The president’s wartime leadership helped him build a double-digit lead in the polls in early March, but Ms. Le Pen managed to close in on Mr. Macron in the weeks leading up to the first round. Over the past two weeks Mr. Macron’s lead has begun to widen again, with polls suggesting he is ahead by a margin of between 11 and 15 percentage points.

Mr. Macron’s lead has continued to grow after he dueled with Ms. Le Pen in the election’s only national debate, which was held on Wednesday.

Mr. Macron seized on her party’s €9.4 million loan in 2014 to a Russian bank to cast her as a puppet of Russian President Vladimir Putin. That loan has been taken over by a Russian military contractor.

Ms. Le Pen countered that she was completely free from Russian influence, adding that her party took the loan because it couldn’t secure one from a French lender.

Still, polls indicate that Ms. Le Pen and her party have never been closer to power. Mr. Macron’s current cushion in the polls pales in comparison with the 32-point victory he notched over Ms. Le Pen in 2017 or the 64-point win that late President Jacques Chirac scored in 2002 over Jean-Marie Le Pen, the father of Ms. Le Pen and the founder of her far-right party.

Since her 2017 loss, Ms. Le Pen has dropped her opposition to the euro, the EU’s single currency, and focused on pocketbook issues, framing her 2022 campaign as a fight against inflation. She also zeroed in on the impact the war in Ukraine was having on France’s economy, particularly the higher fuel prices that affect working-class commuters. She has promised to slash taxes on fuel and other essentials if elected.

Ms. Le Pen rebranded her National Front party as National Rally in an effort to turn the page on its far-right history, a strategy the party calls “de-demonization.” She toned down her rhetoric and opened up about her personal life, musing on her love of cats.

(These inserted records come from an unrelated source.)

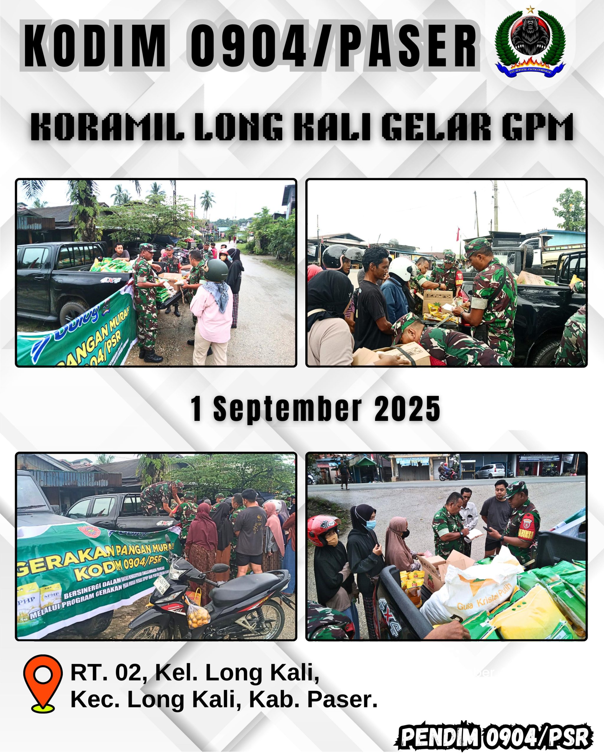 Kodim 0904/Paser, Korem 091/ASN, Kodam VI/Mlw – Dalam rangka Mewujudkan Swasembada Pangan Koramil 0904-03/Long Kali bekerjasama dengan Bulog mengadakan Gerakan Pangan Murah berupa Beras SPHP, Minyak Maykita dan Gula Pasir di RT. 02 Kelurahan Long Kali, Kec.Long Kali, Kab. Paser, Senin (1/9/2025).
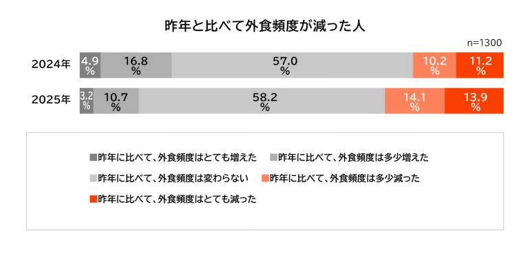 外食する頻度が昨年より減少した人(「昨年に比べて、外食頻度は多少減った」「昨年に比べて、外食頻度はとても減った」の合計)は21.3%。2024年から6.7ポイント増加した(21.3%→28.0%)。【図表5】
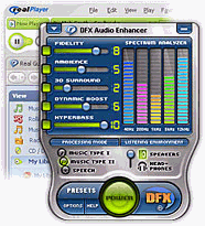 DFX for REAL V8.501 汉化绿色特别版 DFX 是音频效果插件的佼佼者。作为一个专业的 DSP 音频效果插件,它特别是在低音部分和空间感改善了很多。DFX 是 Power Technology 公司出品最新版的软件。这个是 for RealPlayer 版本,不能安装于其它软件
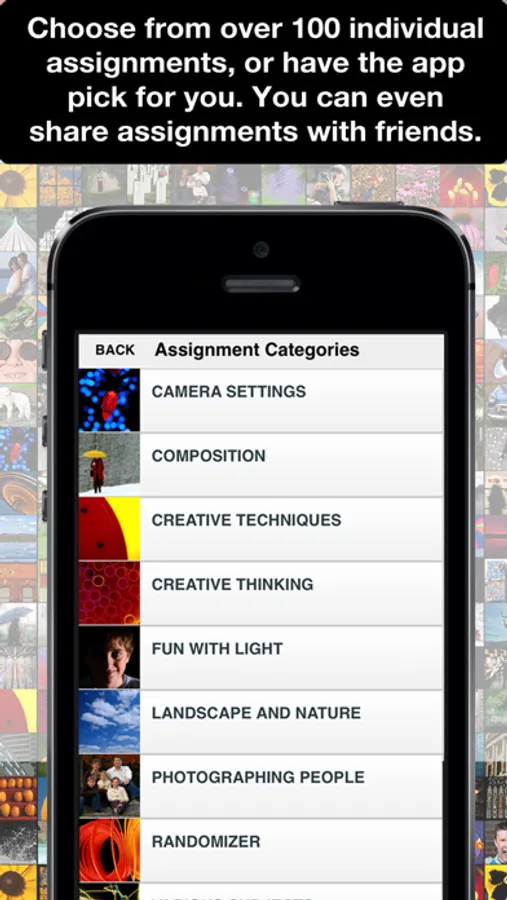 "tons of photography assignments that can help you learn to be a better photographer over time" -Appolicious.com
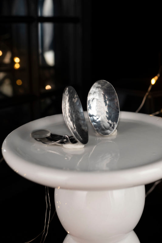 EKRJ980 Hares One-of-a-kind Handmade Silver Hoop Earrings
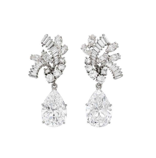 A pair of mid-20Th century Diamond Ear Pendants with pear brilliant-cut diamonds of 8.13 and 8.04 carats, marquise-shaped, baguette-cut and round diamonds, 18k white gold and platinum (French marks), 1950s, pendants detachable and replaceable with the following Pearl Pendants.

Ms. Le Pen has stuck with a political program, however, that seizes on the anxieties that many voters outside France’s largest cities feel about Islam’s place in French society. France has been targeted with terrorist attacks by assailants who cited cartoons of the Prophet Muhammad in French media as their motive.

Ms. Le Pen campaigned on rewriting France’s constitution to give “national preference” to French citizens over immigrants—including documented ones—in seeking jobs, public housing and welfare benefits. She also proposed a ban on the Muslim head scarf in all public places, describing the garb as an instrument of Islamist ideology.

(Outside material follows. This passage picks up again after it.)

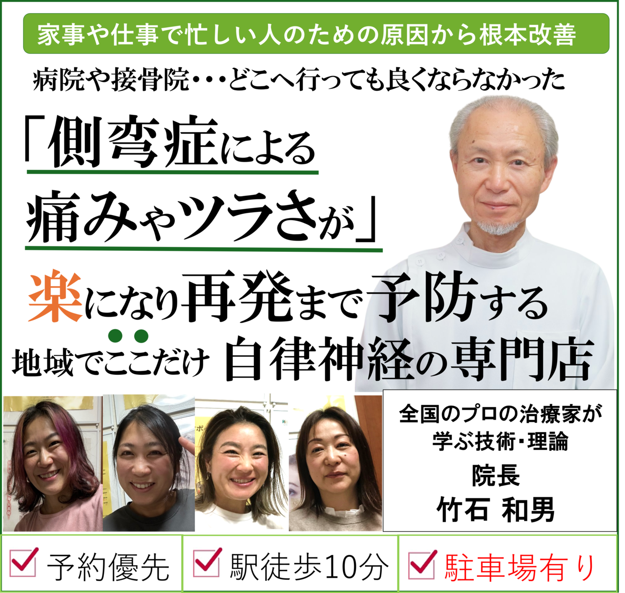 そのいずれも痛い場所ばかりを追って、全身の正常な活動に不可欠な「自律神経」に着目せずに体の歪みだけを原因にしています。体の歪みのほとんどは「筋肉」「内臓」「循環」などをコントロールする「自律神経の乱れ」という事実を基に生み出された、独自の理論が当院の施術です。これを受ける事ができるところは全国でも数少ないのです。
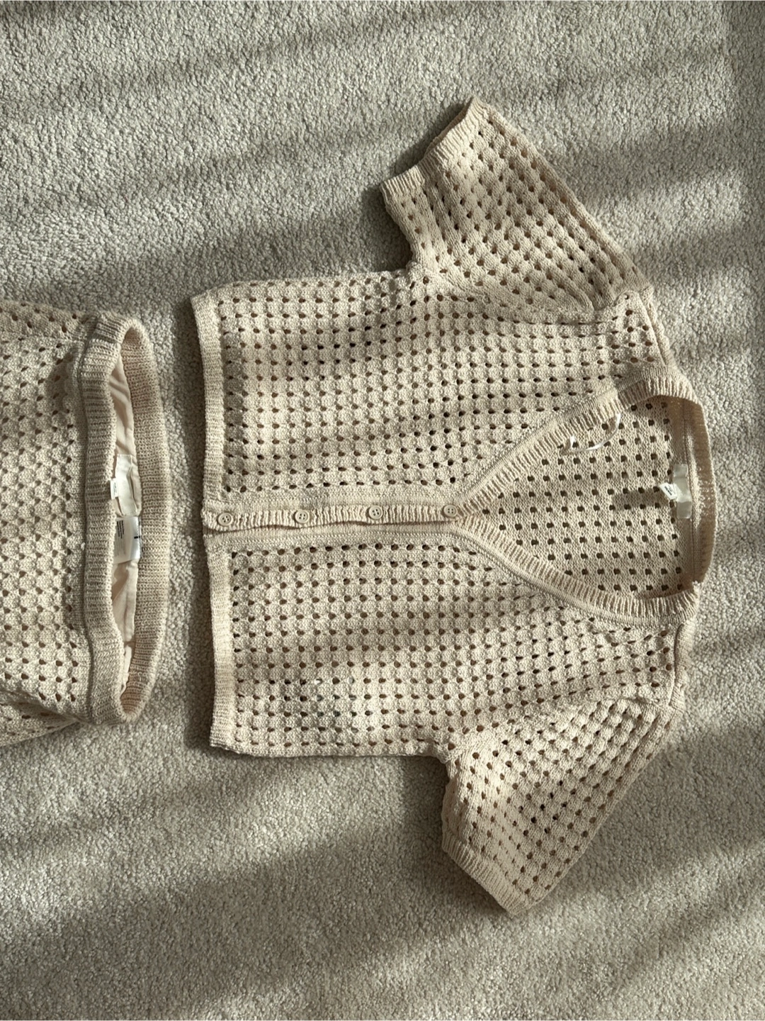 Selling a cute knit cardigan and skirt set! It's a lovely beige colour and looks great together or as separates. Perfect for a casual day out or dressing up for a special occasion. The material is soft and comfortable, making it a great addition to any wardrobe

Mr. Macron zeroed in on such proposals in the final stretch of the election, accusing Ms. Le Pen in the national debate of seeking to foment a civil war in a country that has one of Europe’s largest Muslim minorities. To some voters, however, Ms. Le Pen is no longer the bête noire of French politics.

“I have nothing against Marine Le Pen, even if I wear a head scarf,” said Lilia Missoum, a mother of four children in the port city of Le Havre, along the English Channel. She cast her vote for Mr. Macron on Sunday, because she approved of his handling of the Covid-19 pandemic, including the subsidized paychecks her husband received during the crisis. Still, she says, Mr. Macron’s “door to immigration is too open.”